On any given day, the first question is which agent outputs need a human to confirm before they go anywhere, and which processes have accumulated enough reliable runs that the gate can loosen. Somewhere in between are the edge cases the agent still handles badly in ways that are easy to miss. In the pharmaceutical company's deployment, managers started by doing this manually, task by task. Over time they built patterns. But the judgment about when a pattern was stable enough to trust never became fully automatic.
The managers getting this right don't inherit workflows and drop AI into them. They redesign the work first: what happens when the agent is wrong, not just when it's right, and what the fallback looks like before anyone needs it. The verification layer is a permanent feature of the job.
And some of it is invisible. A good foreman produces a week where nothing goes visibly wrong. Confident wrong output stays out of customer hands. Fabricated records don't reach the database. The data a process runs on doesn't drift for three cycles before anyone checks. That absence is the work, and it's almost impossible to evaluate from the outside, which is part of why organizations are slow to create the role deliberately.
When a review process finds problems and they're all surface errors, that's table stakes. The harder signal is whether the process is finding the deeper failures: cases where an agent produced something that looked correct but was wrong in a way that mattered. A manager catching only obvious mistakes is probably missing the subtle ones. Not because they're careless, but because the review process wasn't designed to find them.
The trust boundaries should also be moving. A manager who locks down agent autonomy and never expands it isn't calibrating.
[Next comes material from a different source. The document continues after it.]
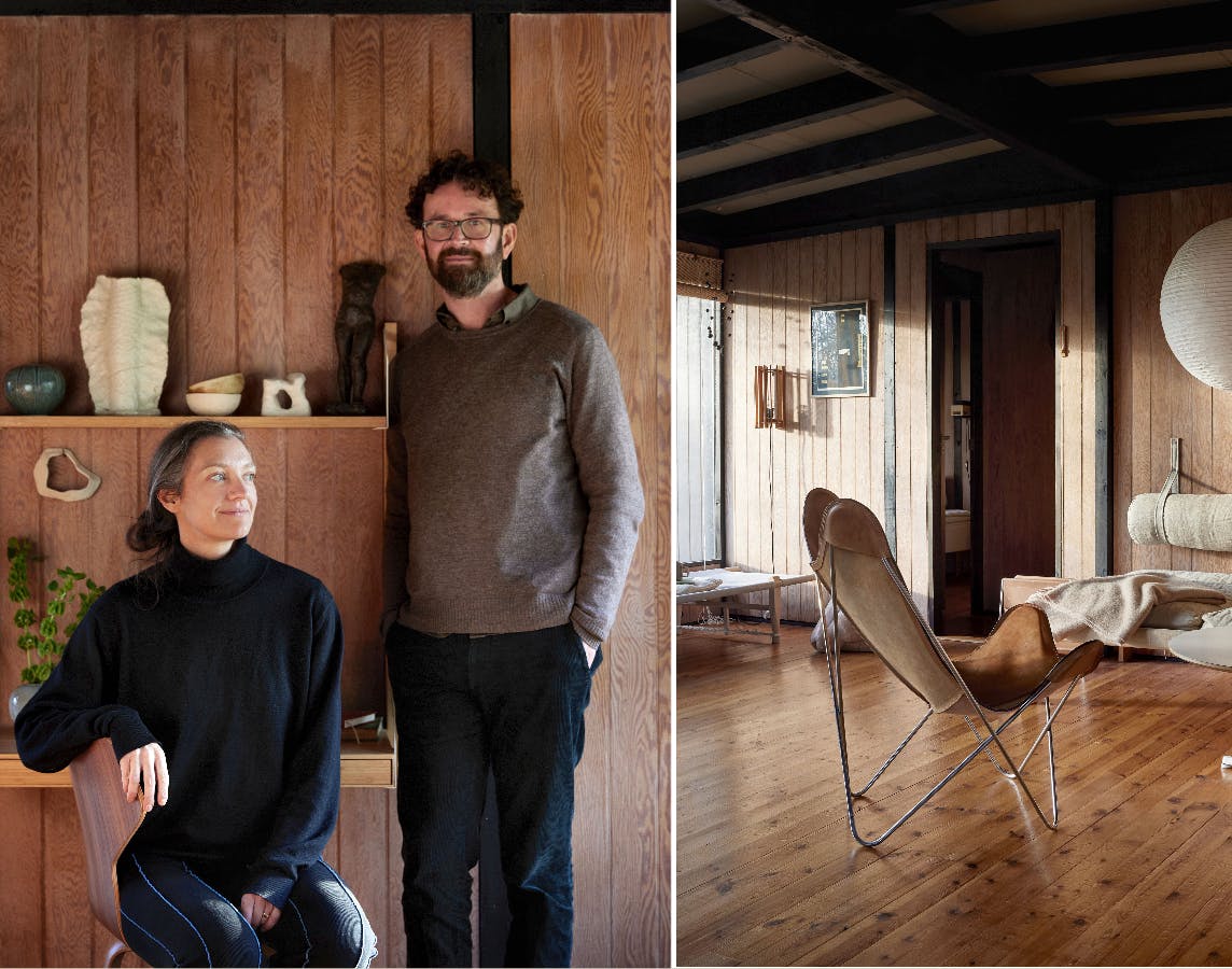 Enkle linjer og rolige nuancer sætter rammen for stilen i sommerhuset, hvor ubehandlet træ får lov at træde i karakter. Sofaen er tegnet af Tage Poulsen, den brune lerskulptur på sofabordet er skabt af multikunstner Walther Linis.

A manager who expands autonomy without a principled reason is taking risk they probably don't see. The healthy pattern is steady accumulation of justified confidence, with visible reasoning for each expansion and a willingness to contract when something goes wrong.
I've watched organizations flatten their management layers on the assumption that AI handles coordination now. About 40% of employees at companies that have done this report feeling directionless. The continuous judgment work went quietly with the middle managers, constant small calibrations about what to trust, what to verify, what to catch before it became visible.
The role I'm describing sits outside what most engineering management training covers. Trust calibration, process design under uncertainty, outcome ownership with partial information: none of those are in the standard curriculum. They can be developed. But you have to know to look for them, and most organizations are currently searching in the wrong places.
If you're leading a team that includes AI agents, start with a single audit: what ran autonomously this week, and what's your actual evidence that it ran well. If the audit is "I didn't hear about any problems," that's not evidence.